**ACTION ITEM**
The stretch from the line with "アンクレット メンズ クロス" through the line with "그만큼 한 계좌에서 여러" in the records below: write it out exactly, and nothing else.

**EXCERPTED DATA**
Segment Open

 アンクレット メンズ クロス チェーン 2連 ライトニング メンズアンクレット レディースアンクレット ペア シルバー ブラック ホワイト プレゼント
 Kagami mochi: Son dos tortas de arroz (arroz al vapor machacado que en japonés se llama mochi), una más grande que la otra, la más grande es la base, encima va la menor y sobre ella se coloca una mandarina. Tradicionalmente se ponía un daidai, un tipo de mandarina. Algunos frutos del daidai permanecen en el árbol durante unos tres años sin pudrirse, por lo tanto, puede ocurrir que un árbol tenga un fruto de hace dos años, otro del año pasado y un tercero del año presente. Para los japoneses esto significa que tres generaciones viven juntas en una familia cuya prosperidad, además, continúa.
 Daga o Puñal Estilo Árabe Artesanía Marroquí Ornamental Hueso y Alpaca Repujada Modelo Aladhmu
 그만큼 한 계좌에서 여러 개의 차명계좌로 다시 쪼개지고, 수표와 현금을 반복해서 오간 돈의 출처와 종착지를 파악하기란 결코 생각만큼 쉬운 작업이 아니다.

Segment Closed
Segment Open

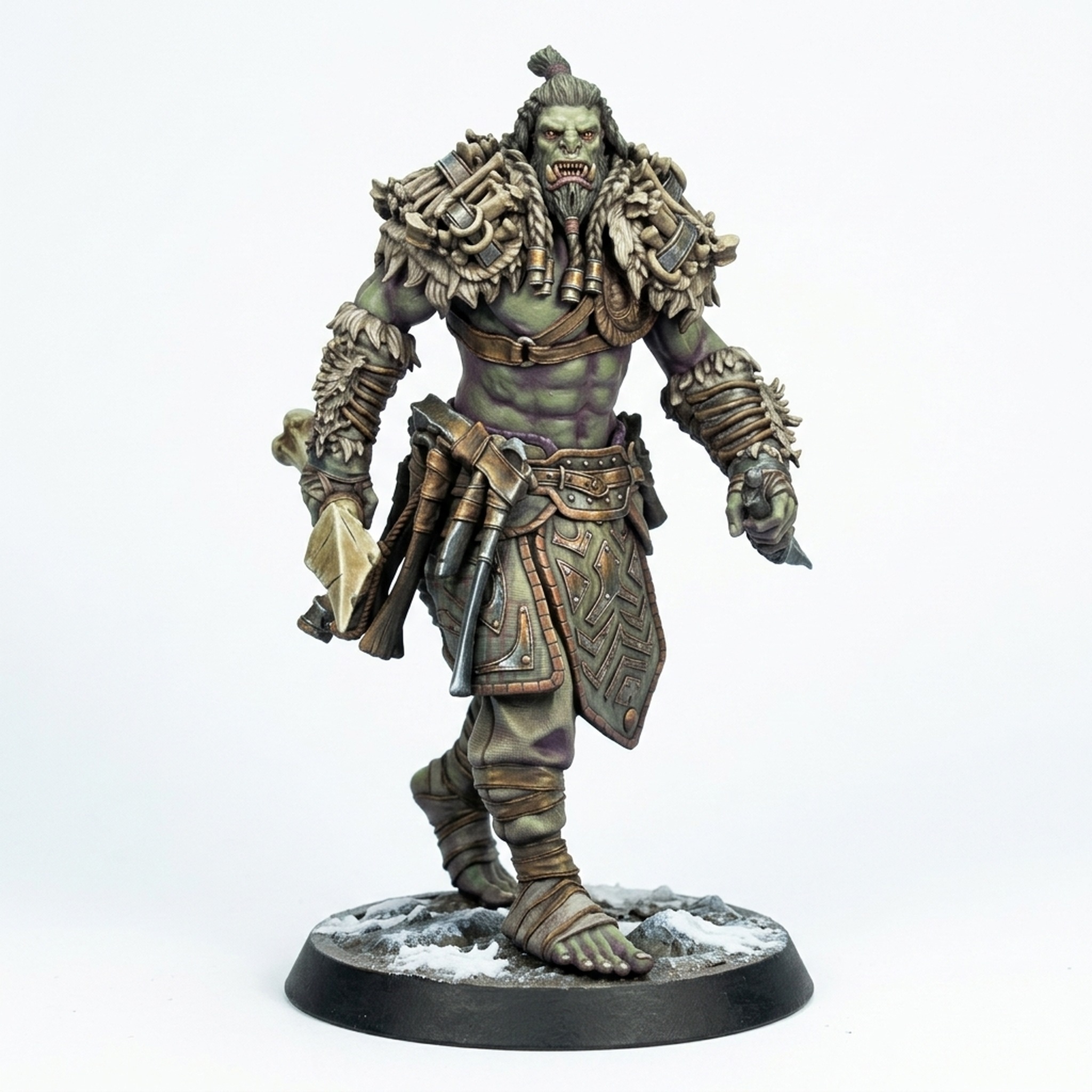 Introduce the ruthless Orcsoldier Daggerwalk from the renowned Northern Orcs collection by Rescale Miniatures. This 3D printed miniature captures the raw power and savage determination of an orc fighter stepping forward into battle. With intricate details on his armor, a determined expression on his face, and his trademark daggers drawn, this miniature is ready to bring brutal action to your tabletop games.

Segment Closed

**OUTPUT BELOW**
 アンクレット メンズ クロス チェーン 2連 ライトニング メンズアンクレット レディースアンクレット ペア シルバー ブラック ホワイト プレゼント
 Kagami mochi: Son dos tortas de arroz (arroz al vapor machacado que en japonés se llama mochi), una más grande que la otra, la más grande es la base, encima va la menor y sobre ella se coloca una mandarina. Tradicionalmente se ponía un daidai, un tipo de mandarina. Algunos frutos del daidai permanecen en el árbol durante unos tres años sin pudrirse, por lo tanto, puede ocurrir que un árbol tenga un fruto de hace dos años, otro del año pasado y un tercero del año presente. Para los japoneses esto significa que tres generaciones viven juntas en una familia cuya prosperidad, además, continúa.
 Daga o Puñal Estilo Árabe Artesanía Marroquí Ornamental Hueso y Alpaca Repujada Modelo Aladhmu
 그만큼 한 계좌에서 여러 개의 차명계좌로 다시 쪼개지고, 수표와 현금을 반복해서 오간 돈의 출처와 종착지를 파악하기란 결코 생각만큼 쉬운 작업이 아니다.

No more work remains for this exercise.